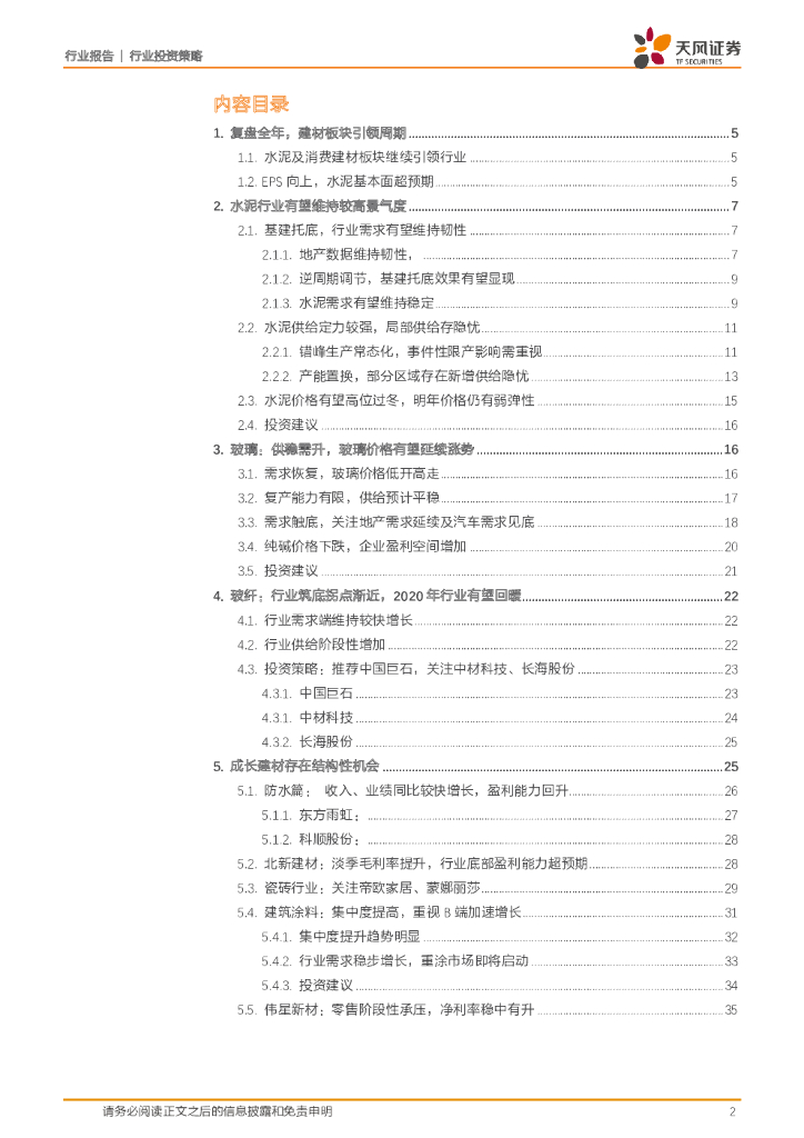 天风证券:建筑材料行业2020年度投资策略:格局稳定,坚守核心.pdf
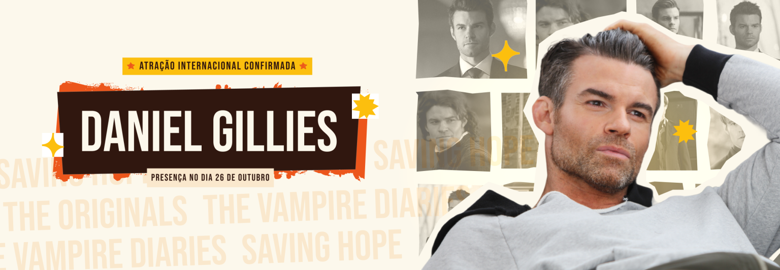 O ator canadense Daniel Gillies, conhecido por interpretar o eterno Elijah Mikaelson, foi confirmado como convidado especial do evento geek Imagineland: On the Road. O evento acontece nos dias 25 e 26 de outubro em Campina Grande (PB), e o ator estará presente no último dia de atividades.
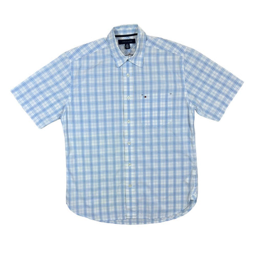 TOMMY HILFIGER Mini Pocket Logo Plaid Check Short Sleeve Cotton Shirt

········

## [Task objective]
Excluding pictures, reproduce the listing above exactly as it stands.

## [Result of the task]
 天风证券:建筑材料行业2020年度投资策略:格局稳定,坚守核心.pdf
 O ator canadense Daniel Gillies, conhecido por interpretar o eterno Elijah Mikaelson, foi confirmado como convidado especial do evento geek Imagineland: On the Road. O evento acontece nos dias 25 e 26 de outubro em Campina Grande (PB), e o ator estará presente no último dia de atividades.
 TOMMY HILFIGER Mini Pocket Logo Plaid Check Short Sleeve Cotton Shirt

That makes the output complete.